Control-Plane changes
In phase 2 the meta-blob size and VOS file size need to be able to be specified separately on pool creation whereas in phase 1 the value of each is the same so only one size is specified for both.
Contents
Return VOS file capacity in addition to meta-blob size on pool query
Prerequisite tidy of control plane pool create logic
Pass meta blob size through pool create callstack
Requirements - https://daosio.atlassian.net/browse/DAOS-14223
Requirement is to add the capability to specify two extra parameters when calling into the engine over dRPC to create a pool:
The per-target VOS-file size (used to store metadata in tmpfs/ramdisk)
The per-targets meta-blob size (in phase-II is used to store a superset of metadata changes in meta-role SSDs)
In phase-I, the size of the VOS-file is calculated by dividing the ramdisk-size by the number of engine targets. The size of the meta-blob on meta-role-SSD is the number of SPDK blob clusters required to fit the size of the VOS-file in bytes (multiplied by the size of a SPDK blob cluster).
In phase-II, the size of the meta-blob (on-SSD) should be capable of being much larger than the VOS-file (on-RAMdisk) and potentially be auto calculated to use all available meta-role-SSD capacity.
These extra parameter values should be passed from the control plane to the engine on pool create and could be manually provided over dmg (as per --scm-size and --nvme-size) or calculated in the control plane. Validation should be performed on inputs to make sure they are viable within the RAM and SSD capacity limit.

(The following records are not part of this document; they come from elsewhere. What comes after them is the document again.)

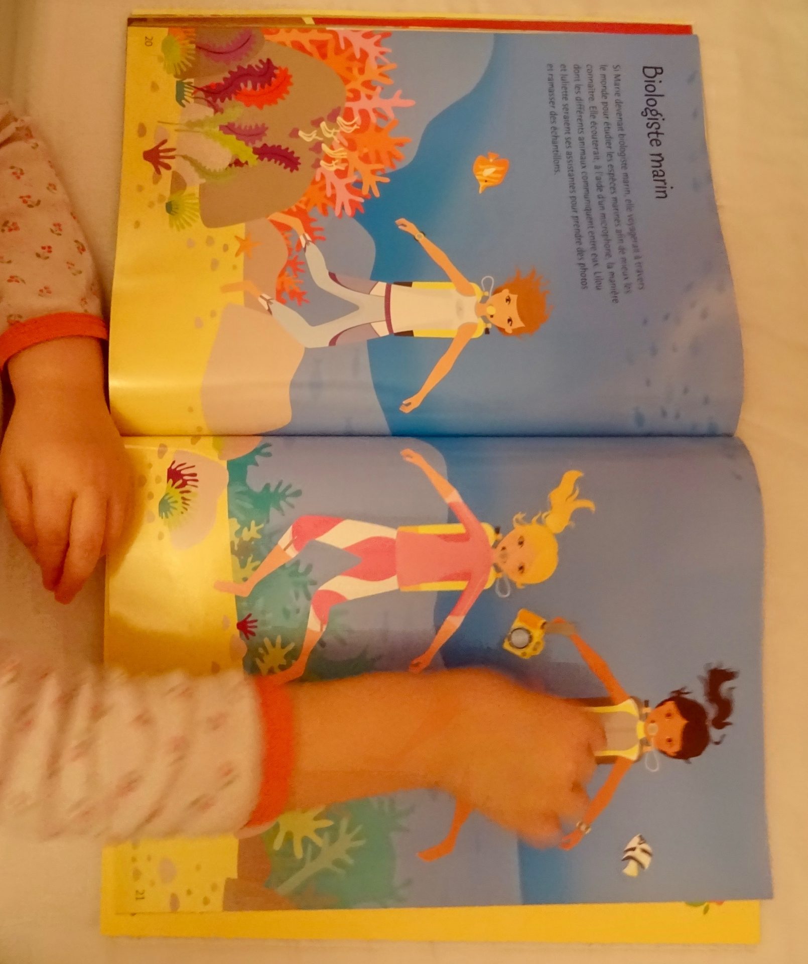 On commence par lire lire l’histoire et on fait connaissance avec Lilou, Marie et Juliette, 3 bonnes amies qui rêvent des métiers qu’elles aimeraient exercer plus tard.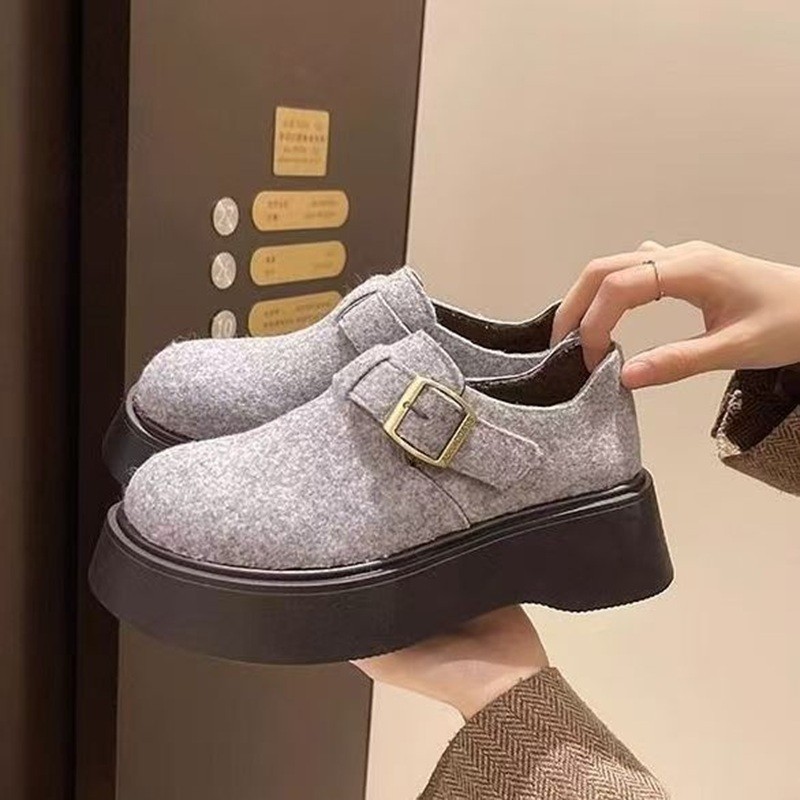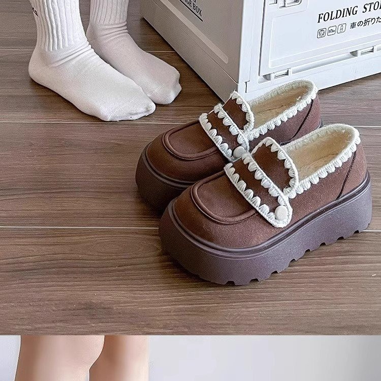 厚い底の毛ですね。ベーケン靴の女性2025春の新型の松餅レトロな百合の爆発的な靴を履いています。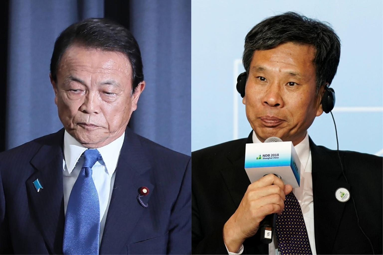 Japanese Finance Minister Taro Aso (left) and Chinese counterpart Liu Kun are expected to discuss financial cooperation, a sign that ties are improving amid Sino-US trade tensions.

Associated display output updates are also required for dmg storage query usage
, dmg pool create
, dmg pool query
and dmg pool list
.
User-interface updates
When presenting pool related SCM/NVME info the display output isn’t relevant for MD-on-SSD. The suggested changes are described here.
The significant non-presentation-layer change related to this ticket is to provide the “Total memory-file size” in distinction to “Metadata on NVME” stats in dRPC responses to PoolQuery and PoolCreate responses. This specific task is covered in a separate ticket as it’s not specifically related to the dmg/presentation layer: https://daosio.atlassian.net/browse/DAOS-16209.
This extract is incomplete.